Figura 9. Incubación en 100% metanol de lipasa soluble e inmovilizada sobre PMO y sobre sílice amorfa-octilo.
Figura 10. Incubación a 55ºC en medio acuoso (fosfato o,1M pH 7,0) de lipasa soluble e inmovilizada sobre PMO y sobre sílice amorfa-octilo.
A continuación se describen algunos ejemplos de aplicación del procedimiento descrito que se proporcionan a modo de ilustración y no tienen el propósito de limitar la presente invención.
Ejemplo 1: Caracterización del soporte (PMO):
a) Difracción de Rayos X
Se realizó en un difractómetro Seifert XRD 3000P operando a bajo ángulo (figura 1).

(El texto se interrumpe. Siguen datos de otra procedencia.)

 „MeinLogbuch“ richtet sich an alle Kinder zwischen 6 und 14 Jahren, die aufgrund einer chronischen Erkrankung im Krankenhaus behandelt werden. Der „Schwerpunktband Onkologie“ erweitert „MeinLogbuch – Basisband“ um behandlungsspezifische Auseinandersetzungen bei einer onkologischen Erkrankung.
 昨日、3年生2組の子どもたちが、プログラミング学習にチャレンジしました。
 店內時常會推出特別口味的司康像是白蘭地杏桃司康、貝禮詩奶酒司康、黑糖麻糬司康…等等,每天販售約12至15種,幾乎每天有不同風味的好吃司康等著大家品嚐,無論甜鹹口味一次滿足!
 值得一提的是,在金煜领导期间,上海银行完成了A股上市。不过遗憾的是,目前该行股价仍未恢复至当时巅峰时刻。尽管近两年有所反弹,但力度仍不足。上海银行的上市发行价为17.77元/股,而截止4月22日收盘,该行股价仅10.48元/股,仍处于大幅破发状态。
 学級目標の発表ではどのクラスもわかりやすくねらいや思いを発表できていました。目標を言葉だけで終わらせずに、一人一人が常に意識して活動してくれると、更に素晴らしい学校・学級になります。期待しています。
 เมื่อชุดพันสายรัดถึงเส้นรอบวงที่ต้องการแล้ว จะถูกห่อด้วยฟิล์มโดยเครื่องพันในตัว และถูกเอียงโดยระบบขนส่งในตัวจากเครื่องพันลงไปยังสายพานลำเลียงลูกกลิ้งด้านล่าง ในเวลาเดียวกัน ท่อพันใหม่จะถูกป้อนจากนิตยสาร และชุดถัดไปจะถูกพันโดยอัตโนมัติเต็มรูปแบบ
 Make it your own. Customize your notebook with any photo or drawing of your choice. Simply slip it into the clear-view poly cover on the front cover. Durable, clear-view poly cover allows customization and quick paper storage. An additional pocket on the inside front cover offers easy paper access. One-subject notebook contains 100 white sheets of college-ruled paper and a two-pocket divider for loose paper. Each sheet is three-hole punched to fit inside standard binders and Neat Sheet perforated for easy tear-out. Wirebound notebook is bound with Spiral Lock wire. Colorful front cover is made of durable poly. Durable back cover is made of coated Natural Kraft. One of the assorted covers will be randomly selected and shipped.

Los tres picos observados en el difractograma corresponden a los índices de Miller 100, 110 y 200. Por las leyes de la cristalografía estos índices corresponden a una estructura hexagonal plana p6mm. El parámetro de red calculado es de 11,6 nm. Se confirma por lo tanto que el soporte presenta una estructura ordenada hexagonal plana en la que los canales unidireccionales se empaquetan formando una estructura hexagonal.

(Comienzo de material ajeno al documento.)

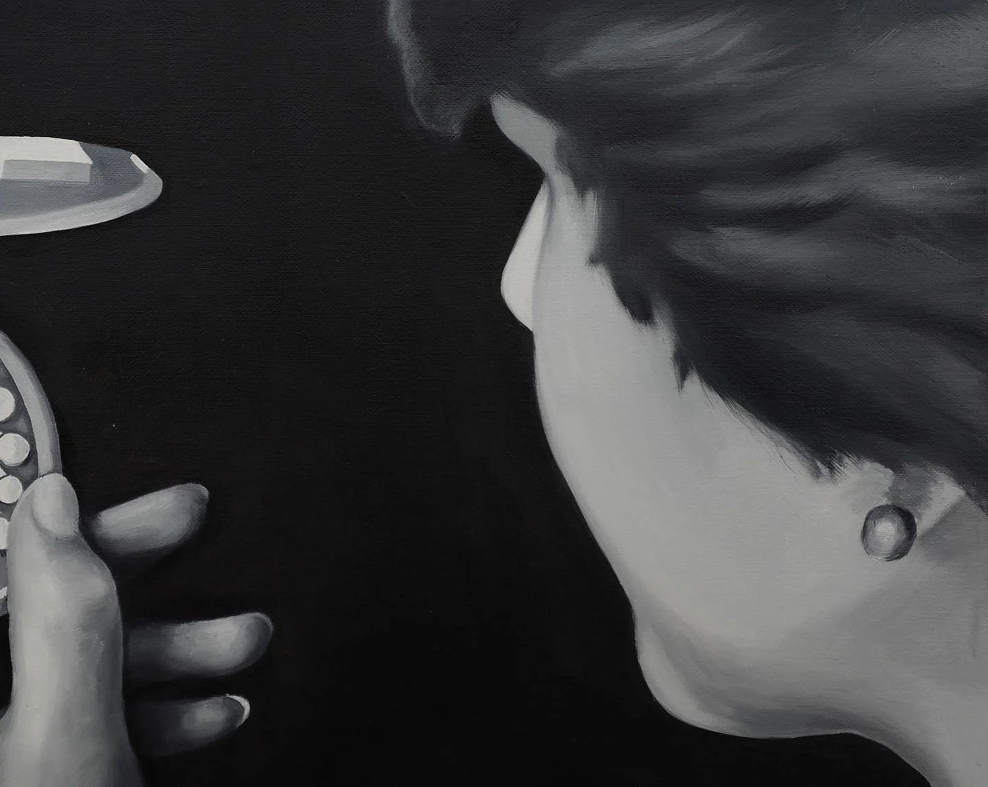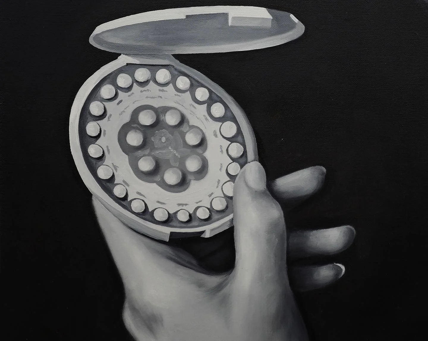 Q: Your work The Pill (2021) depicts early birth control pill advertisements. Could you talk about the background and inspiration behind this piece?
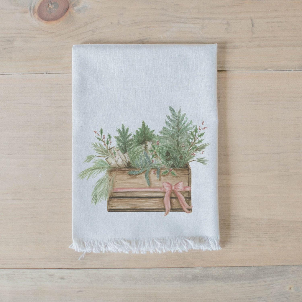 Christmas Napkin Set - Greens in Crate Watercolor, Decor, Housewarming, Tableware, Place Setting, Table Setting, Seasonal Decor

Se llevaron a cabo a -196ºC en un Micromeritics TriStar3000. Las áreas superficiales específicas se dedujeron usando el método BET y la distribución de tamaño de poro aplicando el protocolo BJH a la rama de adsorción de la isoterma.
La isoterma presentada en la figura 2 es típica de un material mesoporoso (Tipo IV) con una distribución estrecha de diámetro de poro, con un valor de 7,5 nm. El área superficial específica es de 960 m2/g, y el volumen de poro de 1,18 cm3/g.
Se registró en un equipo Perkin-Elmer TGA7, con un barrido de temperatura de 20-900ºC a una velocidad de calentamiento de 20ºC/min (figura 3).
El análisis termogravimétrico revela una pérdida de peso del 18% que corresponde a los grupos etileno que forman las paredes del soporte. Por la derivada se puede observar que la descomposición de estos grupos ocurre a temperaturas elevadas (400ºC) lo cual indica el amplio rango de estabilidad térmica del PMO. Además, la ausencia de pico a 200ºC indica que se ha eliminado el surfactante (Pluronic) con éxito.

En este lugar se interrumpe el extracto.